Dataset excerpts
========================================================================

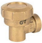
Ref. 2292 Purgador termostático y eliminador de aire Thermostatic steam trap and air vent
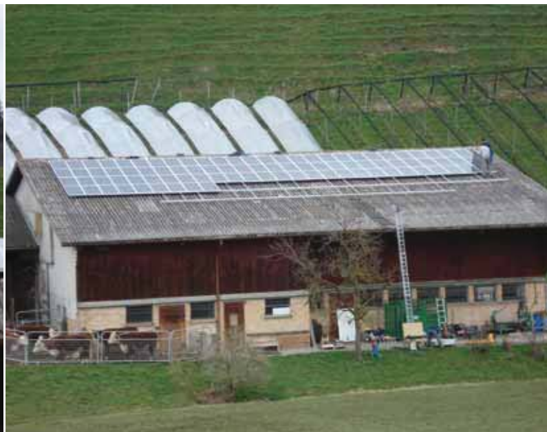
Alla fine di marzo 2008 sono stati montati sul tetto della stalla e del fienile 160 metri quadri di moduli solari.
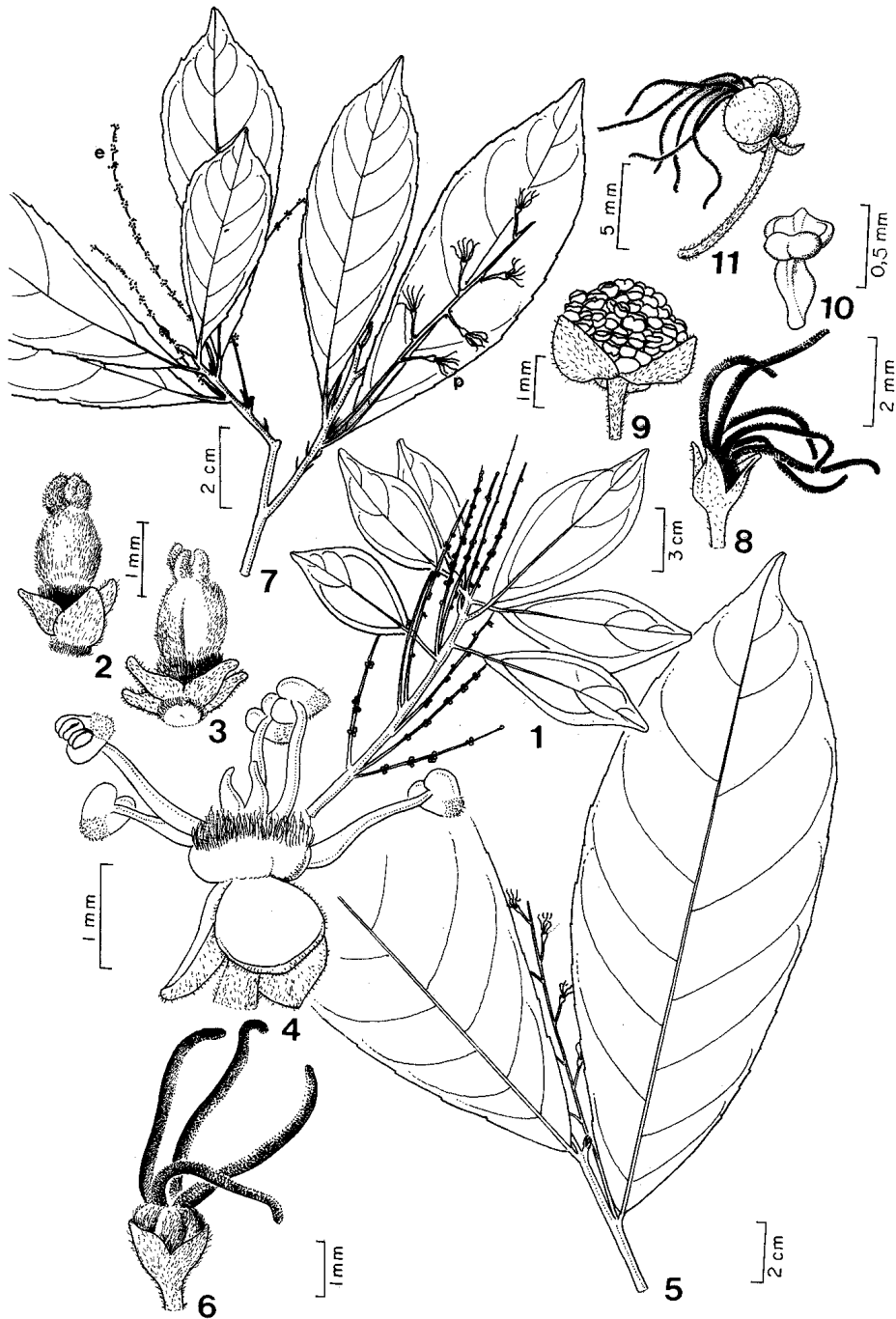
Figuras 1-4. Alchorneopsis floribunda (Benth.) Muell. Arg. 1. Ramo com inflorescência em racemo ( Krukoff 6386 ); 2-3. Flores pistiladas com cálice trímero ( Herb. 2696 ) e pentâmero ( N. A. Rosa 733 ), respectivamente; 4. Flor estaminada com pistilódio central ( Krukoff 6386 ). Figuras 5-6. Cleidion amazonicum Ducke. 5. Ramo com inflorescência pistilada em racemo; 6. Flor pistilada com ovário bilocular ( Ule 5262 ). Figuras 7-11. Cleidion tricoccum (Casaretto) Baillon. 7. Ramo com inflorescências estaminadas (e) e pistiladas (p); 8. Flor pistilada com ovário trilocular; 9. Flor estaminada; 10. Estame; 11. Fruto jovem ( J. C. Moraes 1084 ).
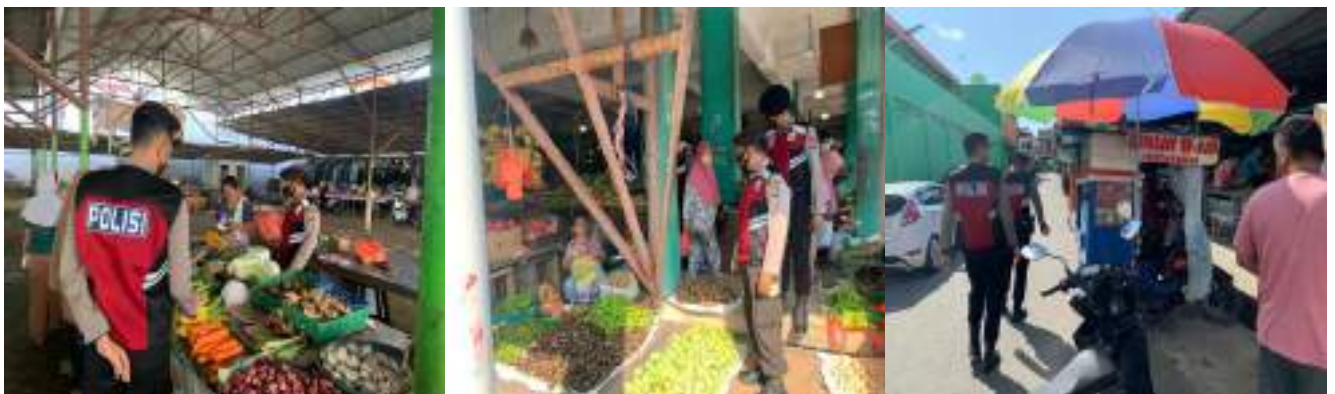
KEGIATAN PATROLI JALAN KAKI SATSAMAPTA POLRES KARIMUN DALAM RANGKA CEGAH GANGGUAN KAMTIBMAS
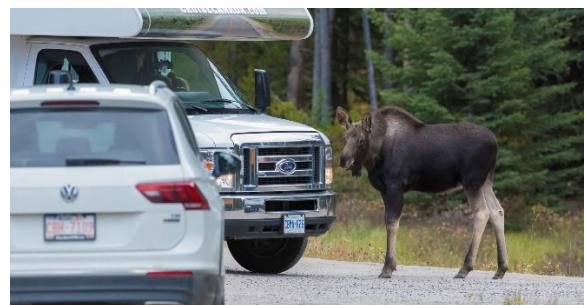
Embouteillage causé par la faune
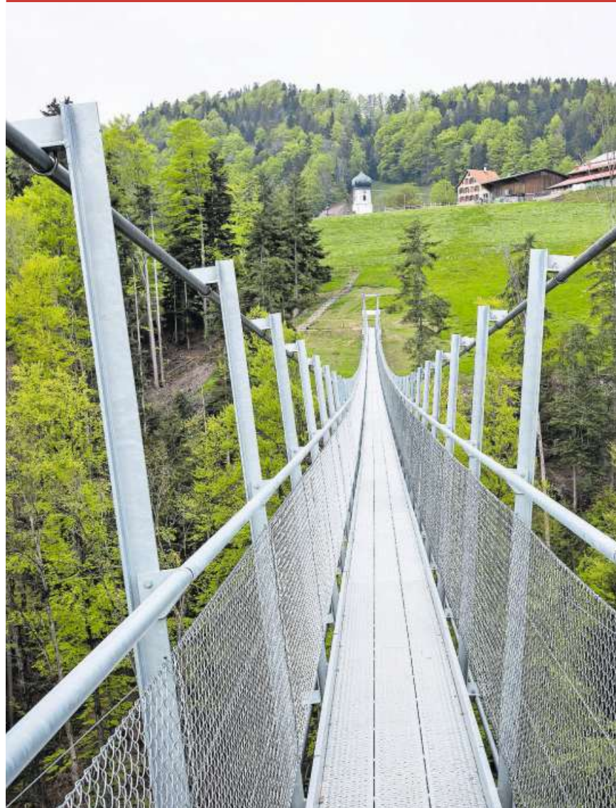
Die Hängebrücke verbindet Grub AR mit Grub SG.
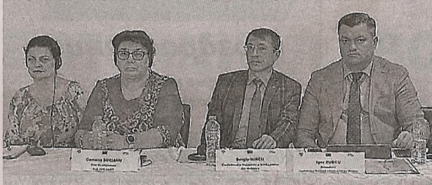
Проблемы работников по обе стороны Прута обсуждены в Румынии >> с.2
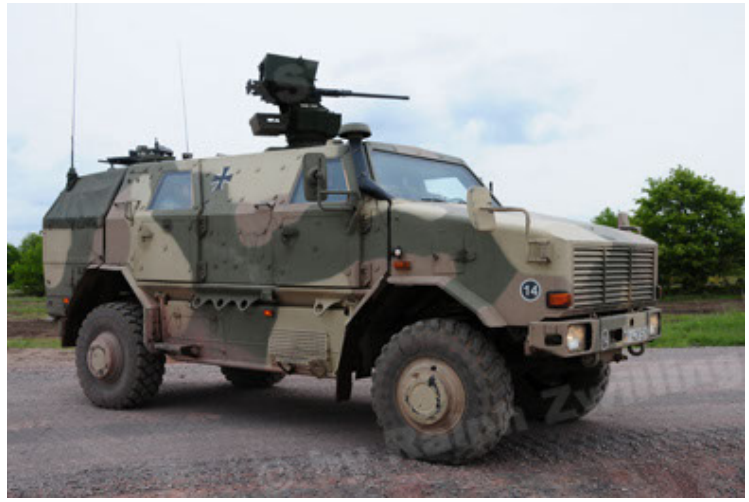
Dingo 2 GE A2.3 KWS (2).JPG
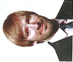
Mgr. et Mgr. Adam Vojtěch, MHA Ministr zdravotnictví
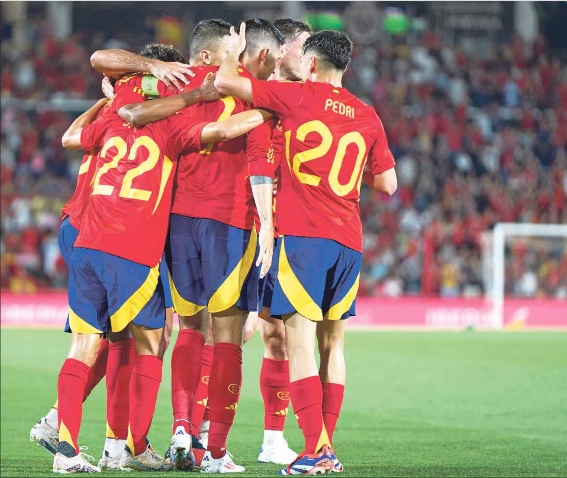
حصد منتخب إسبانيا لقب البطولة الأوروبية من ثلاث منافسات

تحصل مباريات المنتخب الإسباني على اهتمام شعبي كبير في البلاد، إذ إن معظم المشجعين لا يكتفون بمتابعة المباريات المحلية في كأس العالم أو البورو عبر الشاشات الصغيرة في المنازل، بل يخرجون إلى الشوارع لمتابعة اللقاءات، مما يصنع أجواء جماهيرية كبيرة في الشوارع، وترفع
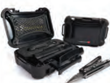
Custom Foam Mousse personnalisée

========================================================================

§ **What the task requires**
Retype only the lines above from the one with "تحصل مباريات المنتخب" through the last, both ends included, keeping every picture out of the copy.

§ **Task solution**
تحصل مباريات المنتخب الإسباني على اهتمام شعبي كبير في البلاد، إذ إن معظم المشجعين لا يكتفون بمتابعة المباريات المحلية في كأس العالم أو البورو عبر الشاشات الصغيرة في المنازل، بل يخرجون إلى الشوارع لمتابعة اللقاءات، مما يصنع أجواء جماهيرية كبيرة في الشوارع، وترفع
Custom Foam Mousse personnalisée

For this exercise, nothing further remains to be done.